### What to do
Beginning at the line that contains "De aanrijdingquote:De organisatie" and finishing at the line that contains "Opravná sada Kraftmann", output the data below exactly. Include both end lines and no pictures.

### Records to use
^^^^^^^^^^^^^^^^
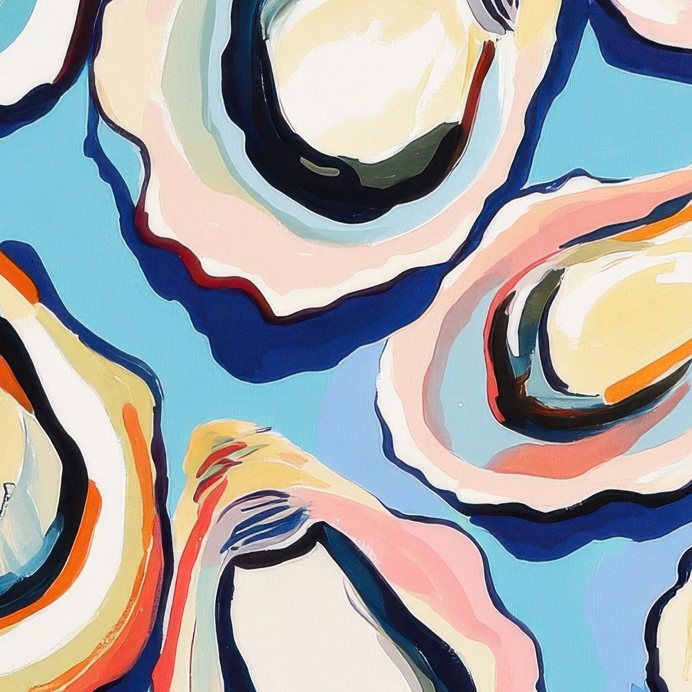 Een schilderij in met gouache verf van een patroon van oesters.
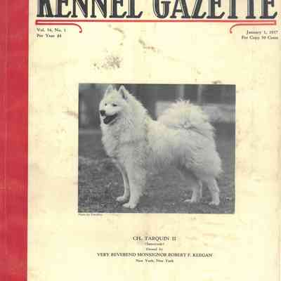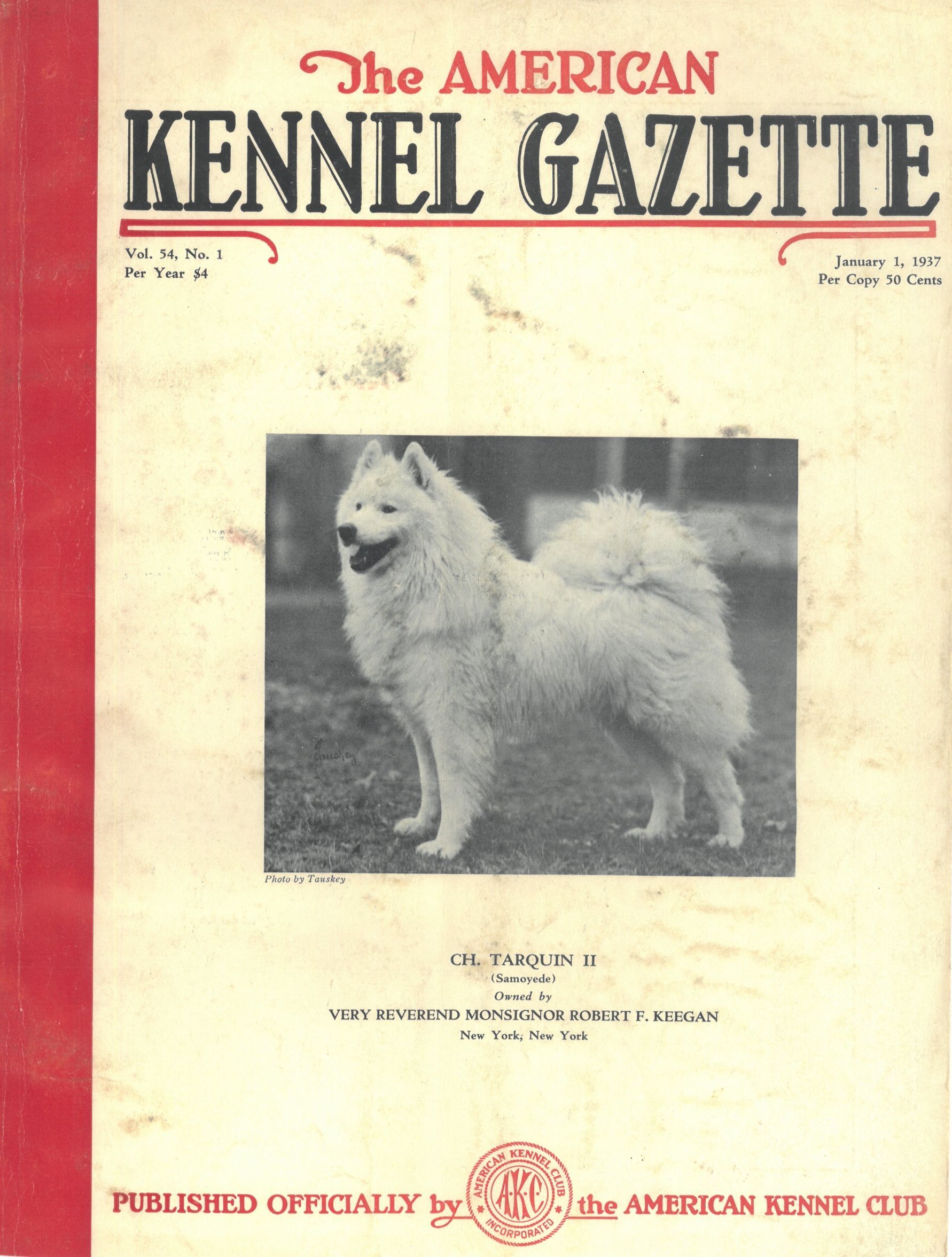 Kistner Book-AKC Gazette Cover January 1, 1937, Ch. Tarquin II (Samoyede) Owned by Very Rev Monsignor Robert F. Keegan, New York, Credit: AKC Gazette, January 1, 1937, AKC Library & ArchivesTags
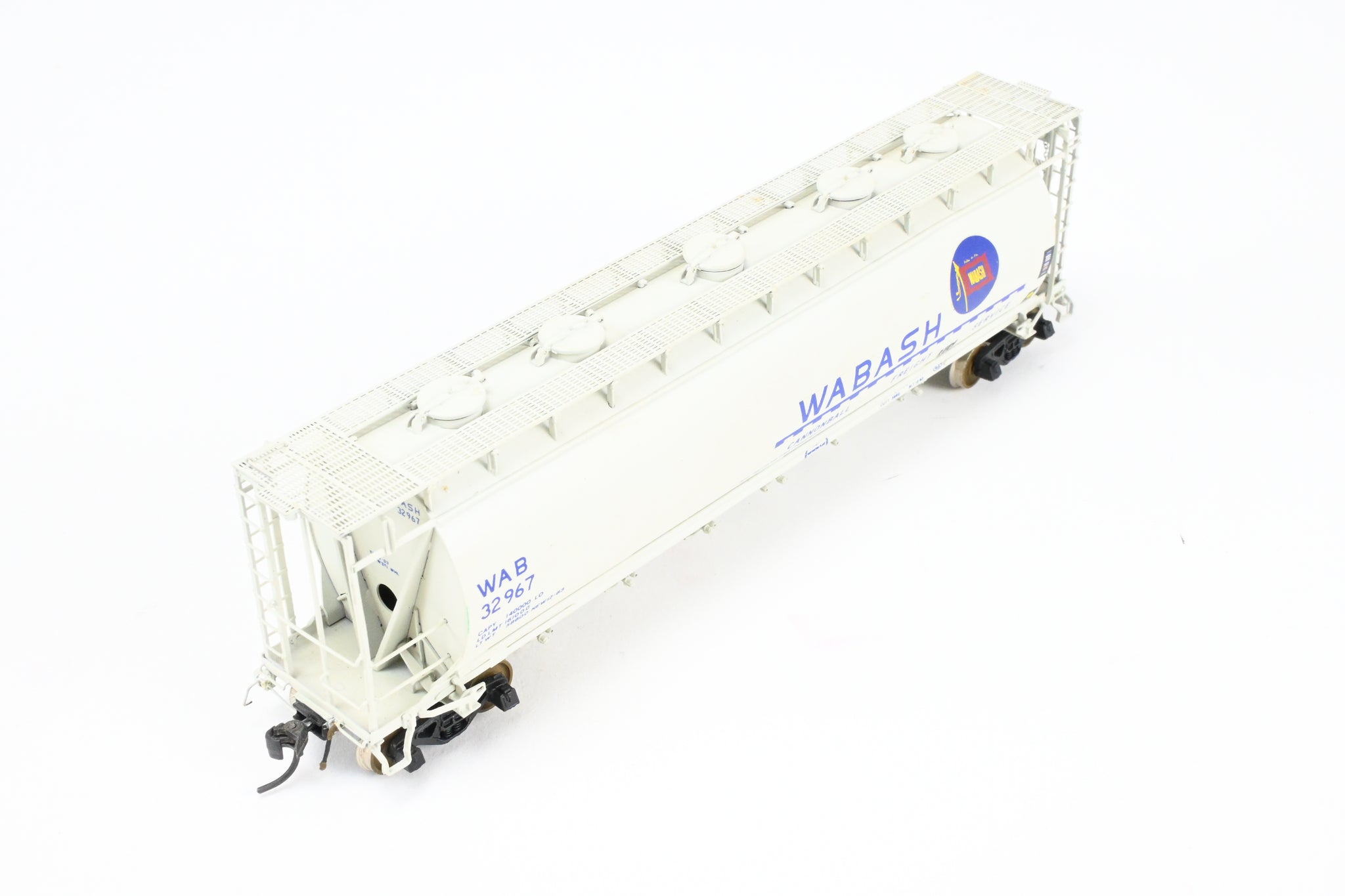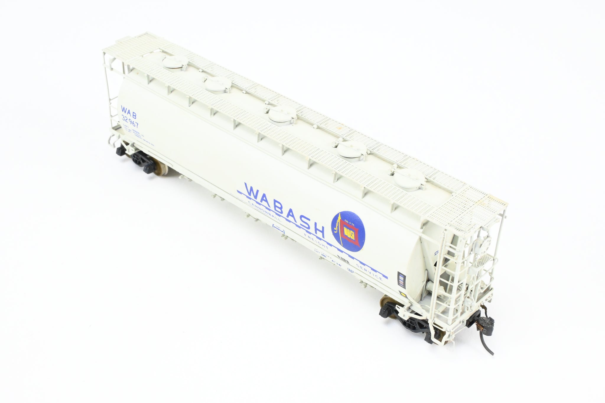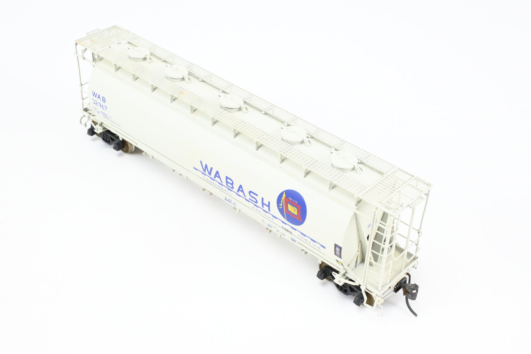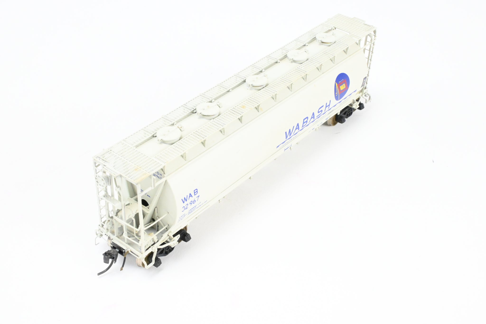 1986 run Overland Models, Inc. model built by Ajin in Korea. Box shows minimal shelf wear. No spare parts included. Nicely custom painted in white with Wabash blue lettering. Numbered #32967. Represents a Wabash HC-60 cylindrical covered hopper.
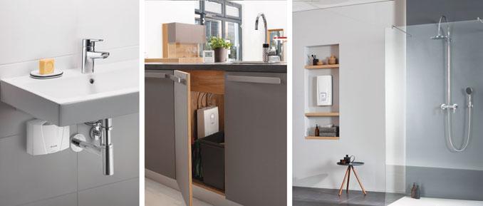 Diese kleinen Geräte sind dort verbaut, wo sie gebraucht werden — nämlich in der Dusche oder am Spülbecken. Sie erhitzen das Wasser bei der Entnahme direkt mit Strom. Neuere Modelle sind auf Photovoltaik abgestimmt und passen ihren Stromverbrauch entsprechend an. Clage
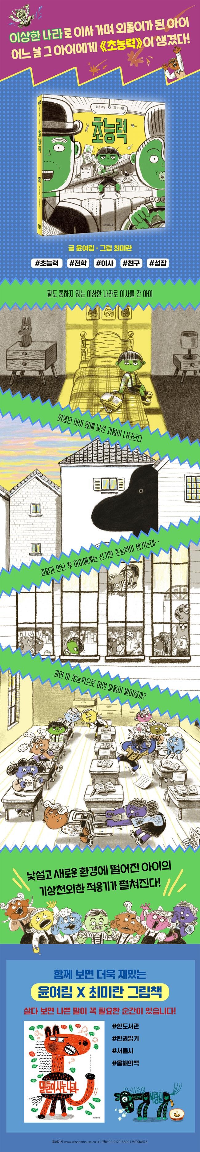 초록 아이의 초능력이 없어졌냐고? 물론 아니다! 여전히 누군가 나쁘게 굴거나 치사하게 굴면 초능력을 발사한다. 물론 심하지 않게! 낯선 나라로 이사를 간 초록 아이처럼 누구나 낯선 상황에 마주하게 된다. 처음에는 낯설고 두렵지만 자신만의 무한 상상 ‘초능력’을 꺼내 조금씩 적응하며 성장하는 것이다.
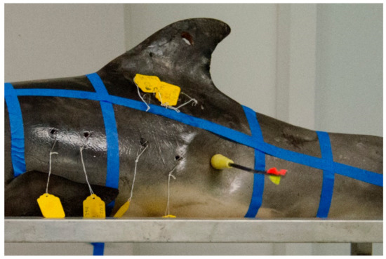 Remote biopsy of marine mammals is often performed using a crossbow (or modified air rifle), and dart-delivered biopsy punch (reviewed in [1]). The majority of published remote biopsy methods describe the use of a dart-mounted biopsy punch to remove a conical plug of skin and blubber (e.g., see illustration in [6]), ideally excised at the level of the subdermal fascia at the moment of impact. The dimensions of the biopsy punch used is chosen to suit the blubber thickness of the target species. For example, for common bottlenose dolphins the biopsy punch size may range in width from 5 to 10 mm and in length from 9 to 40 mm (reviewed in [1]). To prevent penetration into the muscle tissue underlying the subdermal fascia, each remote biopsy dart is designed with a rigid backstop that assists with dart rebound on impact, at which point the obtained sample can be collected for processing. For small cetaceans such as common bottlenose dolphins, the target area on the body described by some researchers for sample collection is high on the lateral side of the animal, just below the dorsal fin [7,8,9,10] and above the transverse processes of the vertebrae, where substantial epaxial muscles lie underneath the subdermal fascial plane [11].
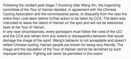 De aanrijdingquote:De organisatie van de Tour of Hainan heeft de Chinese renner Wang Xin (Keyi LOOK) gediskwalificeerd na een bizar incident. Nadat Wang Xin tijdens de zevende etappe ten val was gekomen na een aanrijding met de ploegwagen van de Zwitserse nationale ploeg, ging hij helemaal door het lint. Aan de finish mepte hij erop los en ging zelfs een pomp halen uit zijn volgwagen om mee uit te halen...
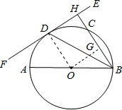 分析:(1)连接OD,根据切线的性质以及BH⊥EF,即可证得OD∥BC,然后根据等边对等角即可证得;
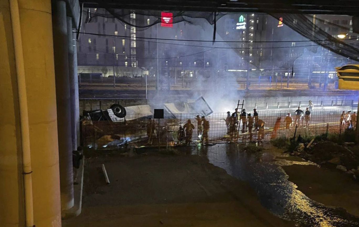 Автобус пролетів 30 метрів і впав на залізницю
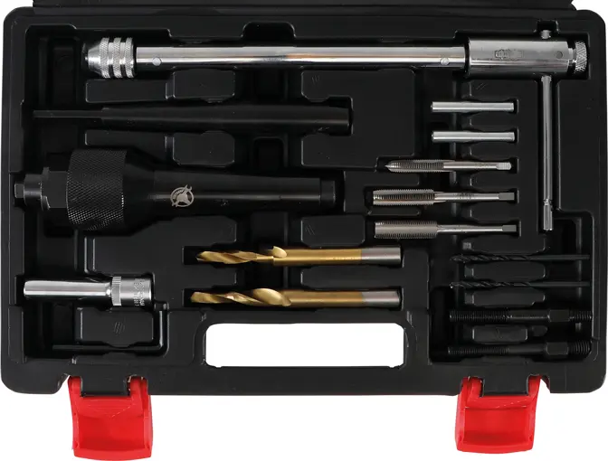 Opravná sada Kraftmann BGS1098297 umožňuje rychlou opravu poškozených závitů žhavicích svíček, obsahuje potřebné nástroje a závitové vložky pro různé velikosti. Vhodná pro použití v dílně i garáži.
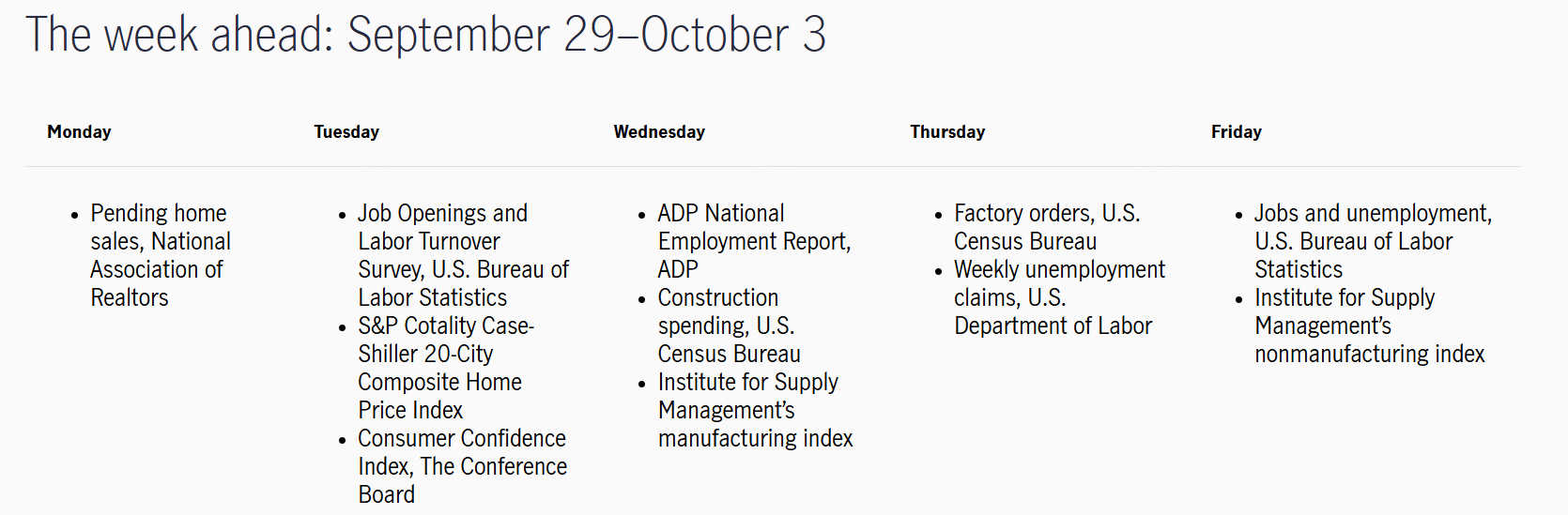 Major U.S. stock indexes finished the week lower, driven in part by some hawkish commentary from Federal Reserve officials that seemed to dampen investor optimism around the pace of further interest rate cuts. The Nasdaq Composite fared worst, falling 0.65%, followed by the Russell 2000 Index, which registered its first weekly loss since early August. The S&P MidCap 400 Index and S&P 500 Index also fell, while the Dow Jones Industrial Average was little changed. Within the S&P 500, the energy sector rallied, advancing alongside oil prices in response to President Donald Trump’s call for European Union nations to end purchases of Russian oil and gas. Most other sectors declined.
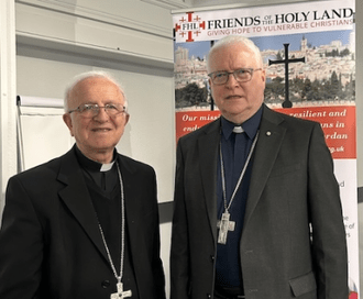 Bishop William Shomali, Patriarchal Vicar for Jerusalem and Palestine, gave a moving account on the situation of Christians in the Holy Land at Bloomsbury Baptist Church in London on Monday. The ecumenical event was attended by representatives from many denominations, including Bishop Jim Curry from RC Diocese of Westminster and Bishop Mike Royal, General Secretary of Churches Together.
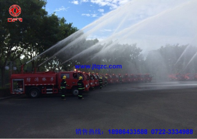 湖北江南專用特種汽車有限公司專門為小區(qū)、村鎮(zhèn)、糧庫、碼頭、校園、商場、工業(yè)園設(shè)計了一種簡易消防車又稱多功能灑水車,它有灑水車的前沖、后灑、側(cè)噴和工作平臺,它的前沖寬度能達(dá)到14米,側(cè)噴水炮射程可以達(dá)到24米。
^^^^^^^^^^^^^^^^
### Output
 De aanrijdingquote:De organisatie van de Tour of Hainan heeft de Chinese renner Wang Xin (Keyi LOOK) gediskwalificeerd na een bizar incident. Nadat Wang Xin tijdens de zevende etappe ten val was gekomen na een aanrijding met de ploegwagen van de Zwitserse nationale ploeg, ging hij helemaal door het lint. Aan de finish mepte hij erop los en ging zelfs een pomp halen uit zijn volgwagen om mee uit te halen...
 分析:(1)连接OD,根据切线的性质以及BH⊥EF,即可证得OD∥BC,然后根据等边对等角即可证得;
 Автобус пролетів 30 метрів і впав на залізницю
 Opravná sada Kraftmann BGS1098297 umožňuje rychlou opravu poškozených závitů žhavicích svíček, obsahuje potřebné nástroje a závitové vložky pro různé velikosti. Vhodná pro použití v dílně i garáži.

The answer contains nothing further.